There are also several talented free press journalists and essayists who people admire for their contribution, but are ignored. Because what they write is not interesting to the government.  Especially talented Oromo youth are far away from such opportunities offered by the government. In fact, they have no opportunity to show their talent in the country due to lack of free media outlets. Usually they are against the regime. Even if a talented young man is given such opportunity, the government cadres fear that he/she will defect after attending the forum. The one-party-government which announced its ‘election victory’ with an amazing 99.6% figure does not dare to embrace talented youth especially those who are not pleased with the unfair practices of the regime. This clearly shows that the government and the talented youth are farther apart.

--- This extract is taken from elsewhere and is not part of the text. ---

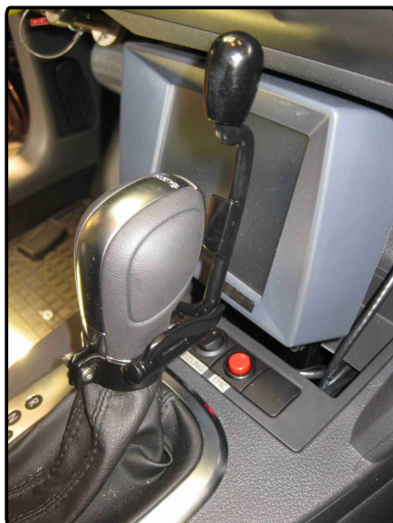
Wählhebellösevorrichtung für Automatikgetriebe

Bei fehlender oder eingeschränkter Fingerfunktion kann mit der Wählhebellösevorrichtung (auch bei verkürzten Armen als Wählhebelverlängerung einsetzbar) ohne großen Kraftaufwand die Sperre des Automatikwählhebels gelöst und ein Gang eingelegt werden.

3. The other point that this fact reveals is the complete pseudo nature of the OPDOs. OPDOs, who claim to be part of the Ethiopian government and bring in an overwhelming number of seats in the rubber stamp parliament, can’t even make a very simple influence. Six years ago, when TPLF ordered the OPDO to move their capital city from Finfine to Adama, Juneydi Saddo cried out something amazing.

Juneydi, the then ‘President of Oromia Regional State’ said at an event in Adama, “…nuti Oromoon biyya kana (Ethiopia) bulchaa jirra, bulchuus qabna…” roughly translated, ‘we the Oromos are governing this country, and we have to do so, of course.’ Shame on you Juneydi! Are you really governing Ethiopia? If so, why couldn’t you utter a single word when you were ordered by your creators to shift your fake Caffee Oromia from the heartland Finfine to Adama? Now, when the TPLF shows you that they can do whatever they like at the cost of your 178 parliament seats why did you keep silent? What is the answer of OPDO cadres like Juneydi Saddo, when the TPLF government carefully select only Tigriyan youth as brilliant young leaders of future Ethiopia? Shame on you OPDOs!!!

Finally, I would like to make something clear. As Secretary Clinton often says, ‘Talent is equally distributed, but opportunity is not.’ I have no problem with the four young people selected to attend the forum. They might be innocents. As Meron Getnet told the VOA Amharic service Mestawet program over the last weekend, ‘there are a lot of talented youth, but it was the matter of selection’. Well said Meron!

Of course, it was a matter of selection by TPLF cadres. The single message I want to forward for those selected youth is, ‘Congratulations! But don’t undermine others who are equally or even maybe more talented on their own rights. Use this opportunity to fight against tyranny, along with the majority of the Ethiopian population, including the respected people of Tigray.